Start of Provided records
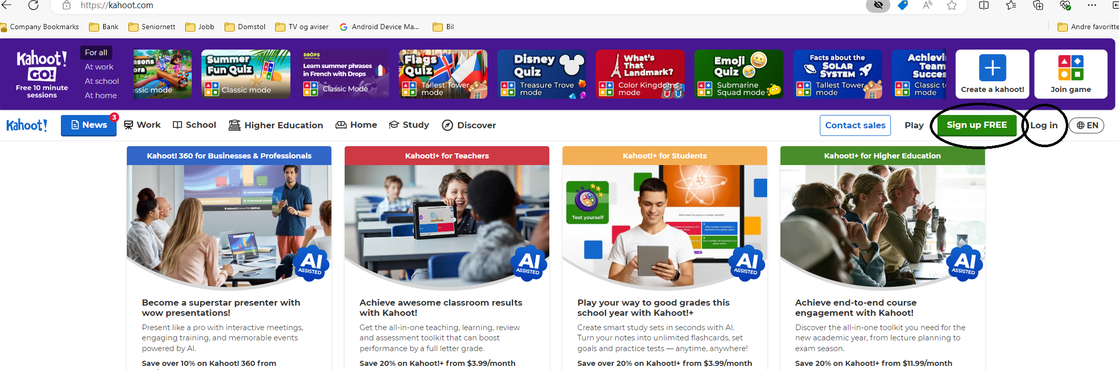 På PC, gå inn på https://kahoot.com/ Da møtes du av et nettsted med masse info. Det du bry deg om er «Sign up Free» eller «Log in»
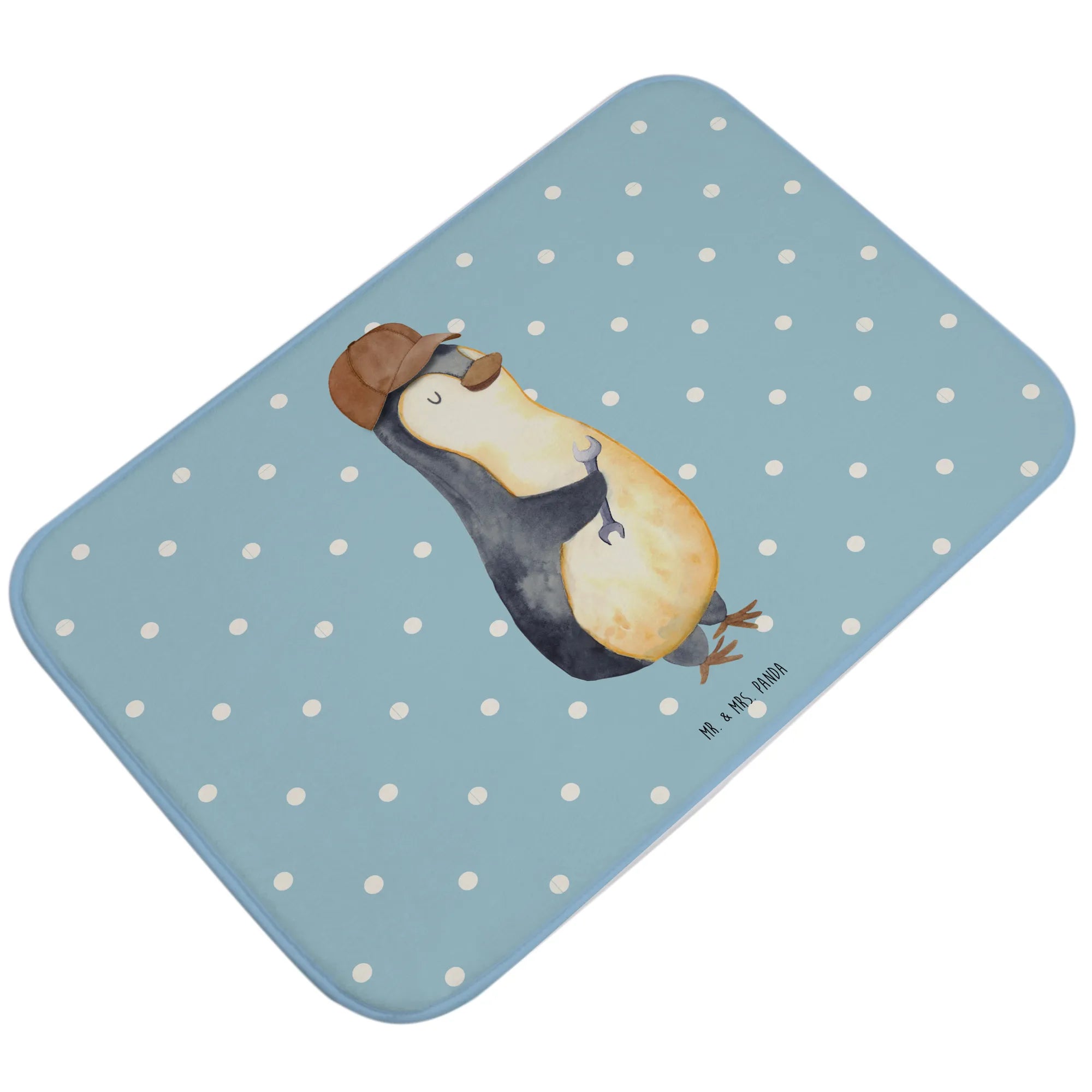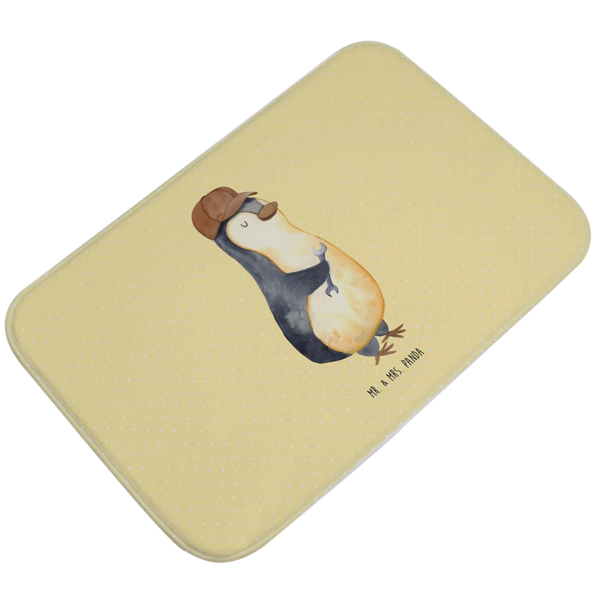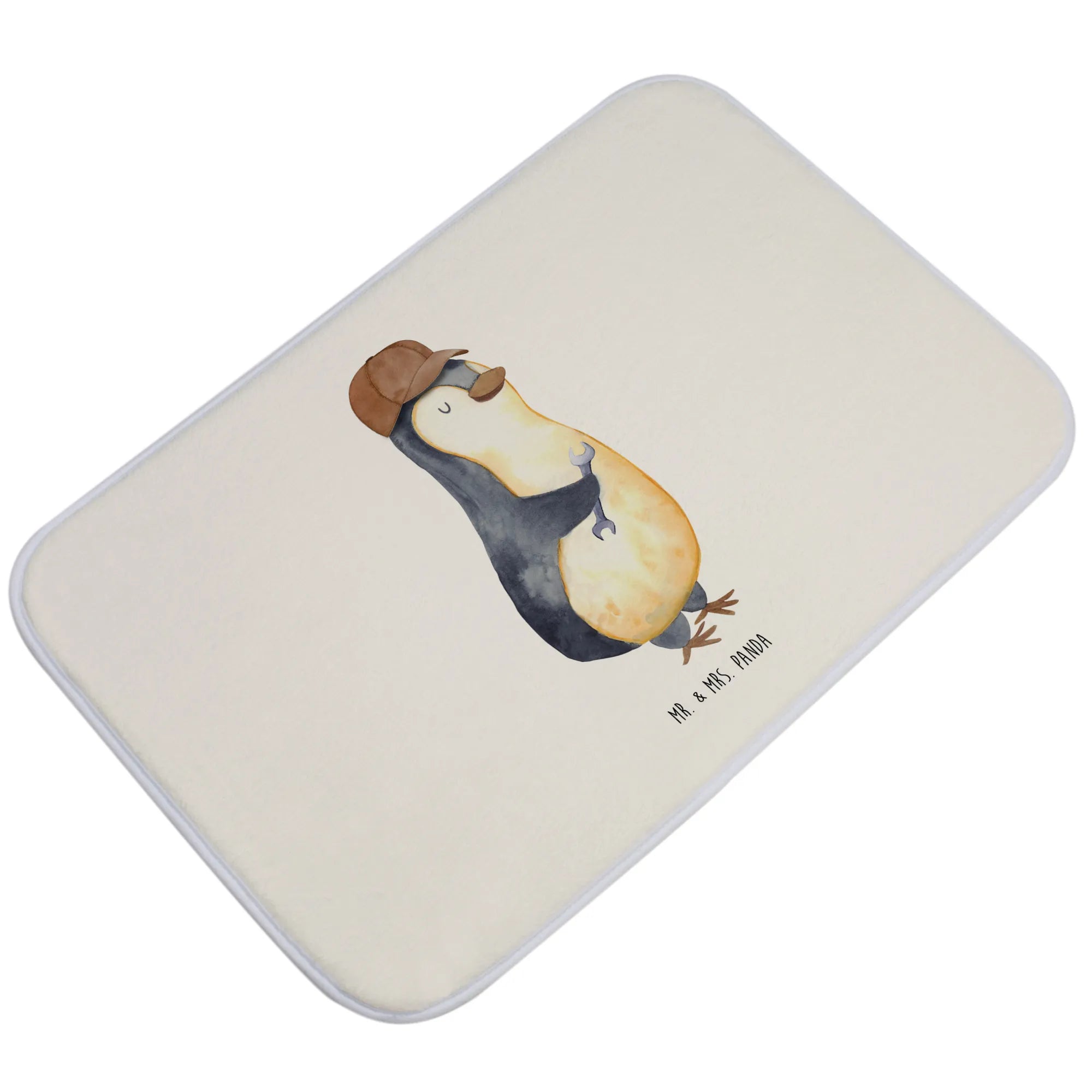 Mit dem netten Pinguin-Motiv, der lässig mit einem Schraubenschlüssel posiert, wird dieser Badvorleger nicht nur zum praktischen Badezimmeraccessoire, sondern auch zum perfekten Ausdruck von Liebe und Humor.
End of Provided records
Start of Provided records
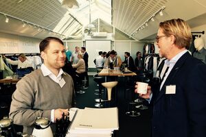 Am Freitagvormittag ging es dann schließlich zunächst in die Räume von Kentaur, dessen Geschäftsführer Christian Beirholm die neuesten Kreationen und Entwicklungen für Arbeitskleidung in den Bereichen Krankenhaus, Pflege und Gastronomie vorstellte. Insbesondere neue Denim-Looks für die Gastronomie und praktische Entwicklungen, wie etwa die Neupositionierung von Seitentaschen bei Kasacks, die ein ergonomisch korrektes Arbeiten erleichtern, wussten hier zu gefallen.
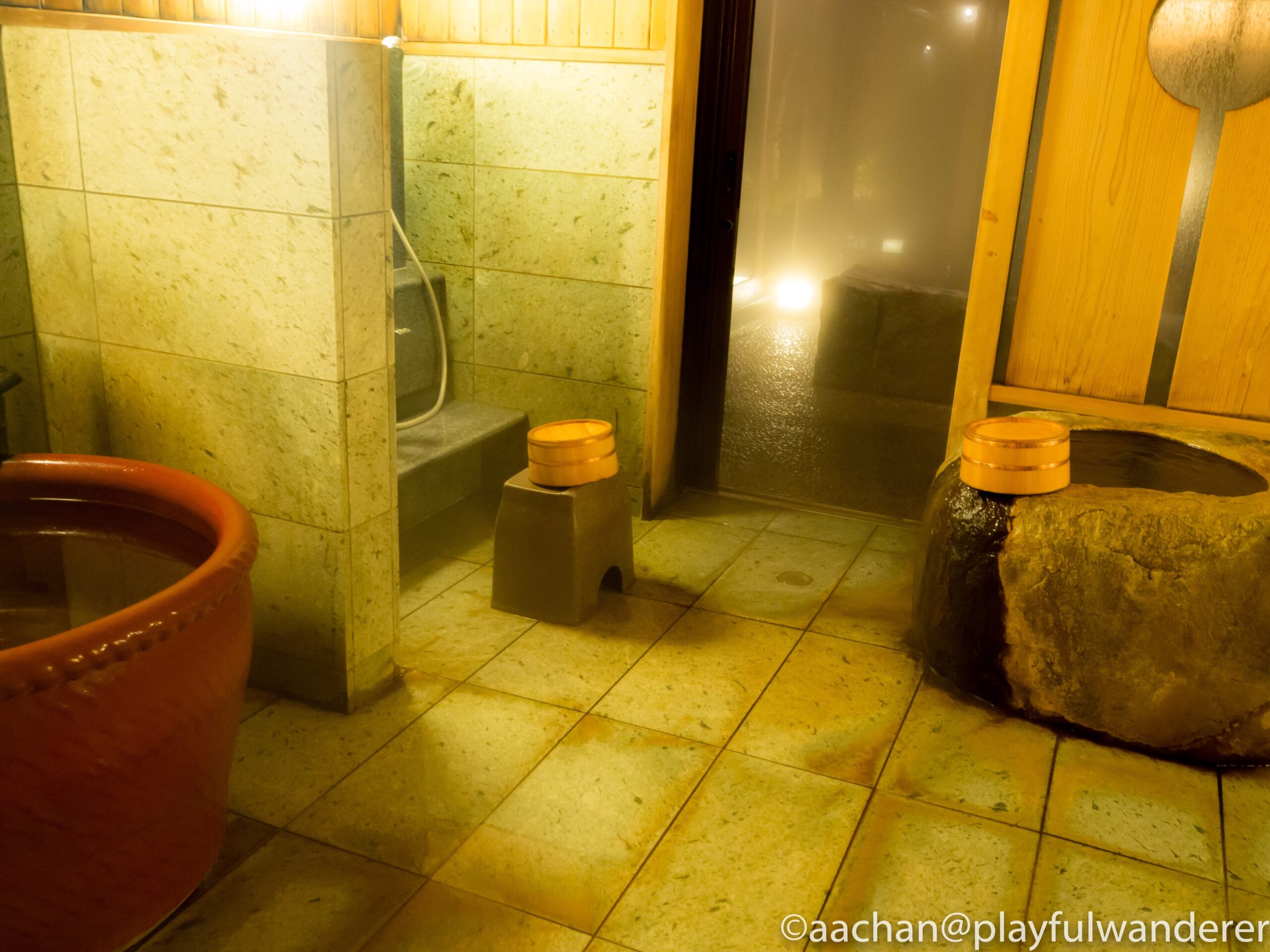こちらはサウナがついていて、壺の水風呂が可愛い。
End of Provided records
Start of Provided records
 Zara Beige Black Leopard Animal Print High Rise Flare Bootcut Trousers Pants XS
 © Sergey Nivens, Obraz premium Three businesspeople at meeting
End of Provided records
◆ Assignment ◆
Reproduce the records above exactly, but only from the line with "På PC, gå inn" up to and including the line with "Mit dem netten". Leave the pictures out.

◆ Reply ◆
 På PC, gå inn på https://kahoot.com/ Da møtes du av et nettsted med masse info. Det du bry deg om er «Sign up Free» eller «Log in»
 Mit dem netten Pinguin-Motiv, der lässig mit einem Schraubenschlüssel posiert, wird dieser Badvorleger nicht nur zum praktischen Badezimmeraccessoire, sondern auch zum perfekten Ausdruck von Liebe und Humor.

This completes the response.